Howard Pattee said...

Ira, we're back to our old argument. The view you like is that random events are just our ignorance of events that are all strictly determined. So in your view life was inevitably determined with the initial conditions at the big bang.

The other view is that nothing is deterministic. All events are just probabilistic, but some have very high (or low) probabilities that are experimentally indistinguishable from determinism.

Since no one has thought of any way to finally empirically test either assumption, they must be considered metaphysical faiths.

These two positions are actually only our models of reality and they are both useful but incompatible [complementary] models.

Max Planck emphasized that, "For it is clear to everybody that there must be an unfathomable gulf between a probability, however small, and an absolute impossibility . . . Thus [deterministic] dynamics and statistics cannot be regarded as interrelated.”

Ira Glickstein said...

Right, Howard, our old argument! (Just like an old married couple :^)

OK, I am willing to take the "nothing is deterministic" stance from now on in this thread.

Given that "All events are just probabilistic", when do you think "meaning" arose in the Miller-Urey experiment that produced amino acids from non-organic precursors? (And, am I misremembering your involvement?)

Do you think it is posssible that some future Miller-Urey-like experiment, starting with non-organic precursors, will eventually yield primitive reproducing life-forms?
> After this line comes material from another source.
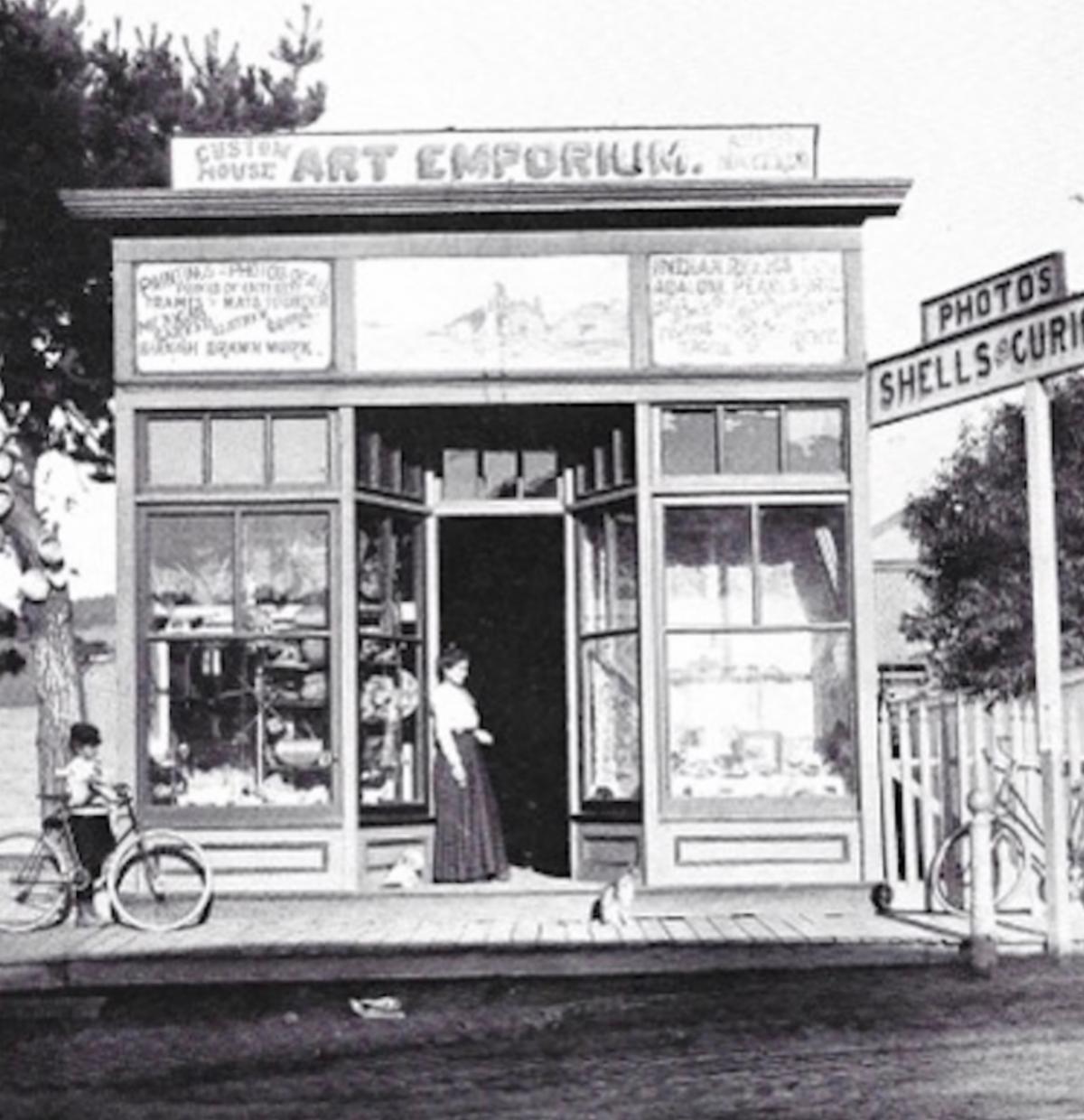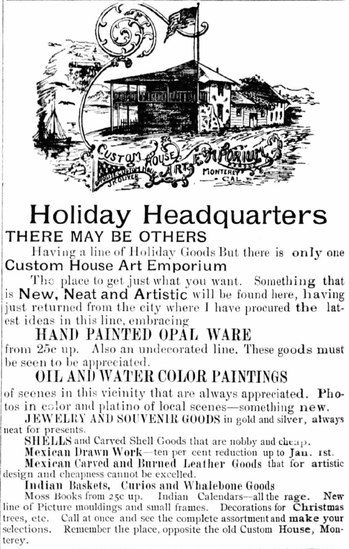 | | 1899 Oliver Custom House Art Emporium ad in the Monterey Cypress | | Myron Oliver with his mother Annie in front of the Custom House Art Emporium 106 Main (photo credit Oliver family) | | |

I believe such an experiment (assuming success) will have something like primitive RNA and DNA (but most likely have different code details). Do you agree?

Assuming the million monkeys are "just probabilistic", and one happens to turn out a paragraph that you and I find "meaningful" and perhaps even "poignant", when did that "meaning" happen? When we read it or when the monkey typed it?

Sorry for all these questions, but you are, after all, my most influential professor!

Ira Glickstein

Howard Pattee said...

Ira wants to know: “when did that "meaning" happen? When we read it or when the monkey typed it?” My short answer is: “When we read it.”

But Ira is not alone in his question! The long answer is that this is the basic question of epistemology, a case of what philosophers call the mind-matter problem or more generally the symbol-matter problem. That is, when does any collection or pattern of matter become more than just physical and chemical substance? When does a molecule become a message?

Many biologists and semioticians argue that the first message was at the origin of life. That required the cell’s genetic message. Certainly DNA has meaning for the cell. It is the heritable record of past selection events that controls reproduction. At the other end of the hierarchy of evolved meanings cognitive scientists wonder when brain matter becomes conscious.

In physics this is called the measurement problem: When does the material measuring instrument produce a symbolic result? In quantum theory they say it is when the wave function loses its entanglement (decoheres) and becomes a classical probability. When and how that happens is very mysterious. In any case, most everyone (e.g., Heisenburg, Pauli, Bohr, von Neumann) agrees that to measure anything one must make a sharp epistemic cut between the measuring device and the system being measured.

In artificial intelligence this is the problem of when the hardware and voltages in a computer can be called symbolic. Harnad calls this the symbol-grounding problem. Searle’s “Chinese room” is an example of the conceptual problem. The Turing Test is the classic example.

Excuse my lecturing, but this is the problem I have worried about for 50 years. Google “epistemic cut” if you want to worry about it further.